_Required work_: Transcribe the entries exactly as each line appears.

── Data provided

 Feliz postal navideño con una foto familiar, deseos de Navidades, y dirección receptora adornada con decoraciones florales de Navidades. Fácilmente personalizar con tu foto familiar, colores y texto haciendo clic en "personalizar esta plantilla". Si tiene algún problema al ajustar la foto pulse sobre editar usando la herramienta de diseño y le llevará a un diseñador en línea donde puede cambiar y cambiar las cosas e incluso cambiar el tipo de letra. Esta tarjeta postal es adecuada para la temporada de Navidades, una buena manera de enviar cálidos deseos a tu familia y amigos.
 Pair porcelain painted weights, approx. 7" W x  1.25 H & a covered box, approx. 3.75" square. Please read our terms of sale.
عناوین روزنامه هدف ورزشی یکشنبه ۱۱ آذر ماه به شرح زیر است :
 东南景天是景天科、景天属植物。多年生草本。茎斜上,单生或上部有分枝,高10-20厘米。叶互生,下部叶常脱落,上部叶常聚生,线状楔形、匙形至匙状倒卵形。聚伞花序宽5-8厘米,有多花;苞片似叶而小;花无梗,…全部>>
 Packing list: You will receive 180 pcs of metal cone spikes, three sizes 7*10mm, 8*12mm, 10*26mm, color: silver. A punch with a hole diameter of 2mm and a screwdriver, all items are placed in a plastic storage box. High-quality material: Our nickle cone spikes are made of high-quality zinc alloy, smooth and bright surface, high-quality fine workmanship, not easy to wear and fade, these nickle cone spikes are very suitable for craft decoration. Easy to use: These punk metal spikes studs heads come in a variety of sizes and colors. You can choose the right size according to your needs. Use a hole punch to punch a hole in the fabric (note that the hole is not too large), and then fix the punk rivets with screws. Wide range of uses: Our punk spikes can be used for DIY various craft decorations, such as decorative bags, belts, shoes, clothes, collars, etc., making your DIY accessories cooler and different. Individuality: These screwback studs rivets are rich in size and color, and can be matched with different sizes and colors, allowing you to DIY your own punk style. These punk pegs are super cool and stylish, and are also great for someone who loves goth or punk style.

────

_Result of this exercise_:
 Feliz postal navideño con una foto familiar, deseos de Navidades, y dirección receptora adornada con decoraciones florales de Navidades. Fácilmente personalizar con tu foto familiar, colores y texto haciendo clic en "personalizar esta plantilla". Si tiene algún problema al ajustar la foto pulse sobre editar usando la herramienta de diseño y le llevará a un diseñador en línea donde puede cambiar y cambiar las cosas e incluso cambiar el tipo de letra. Esta tarjeta postal es adecuada para la temporada de Navidades, una buena manera de enviar cálidos deseos a tu familia y amigos.
 Pair porcelain painted weights, approx. 7" W x  1.25 H & a covered box, approx. 3.75" square. Please read our terms of sale.
عناوین روزنامه هدف ورزشی یکشنبه ۱۱ آذر ماه به شرح زیر است :
 东南景天是景天科、景天属植物。多年生草本。茎斜上,单生或上部有分枝,高10-20厘米。叶互生,下部叶常脱落,上部叶常聚生,线状楔形、匙形至匙状倒卵形。聚伞花序宽5-8厘米,有多花;苞片似叶而小;花无梗,…全部>>
 Packing list: You will receive 180 pcs of metal cone spikes, three sizes 7*10mm, 8*12mm, 10*26mm, color: silver. A punch with a hole diameter of 2mm and a screwdriver, all items are placed in a plastic storage box. High-quality material: Our nickle cone spikes are made of high-quality zinc alloy, smooth and bright surface, high-quality fine workmanship, not easy to wear and fade, these nickle cone spikes are very suitable for craft decoration. Easy to use: These punk metal spikes studs heads come in a variety of sizes and colors. You can choose the right size according to your needs. Use a hole punch to punch a hole in the fabric (note that the hole is not too large), and then fix the punk rivets with screws. Wide range of uses: Our punk spikes can be used for DIY various craft decorations, such as decorative bags, belts, shoes, clothes, collars, etc., making your DIY accessories cooler and different. Individuality: These screwback studs rivets are rich in size and color, and can be matched with different sizes and colors, allowing you to DIY your own punk style. These punk pegs are super cool and stylish, and are also great for someone who loves goth or punk style.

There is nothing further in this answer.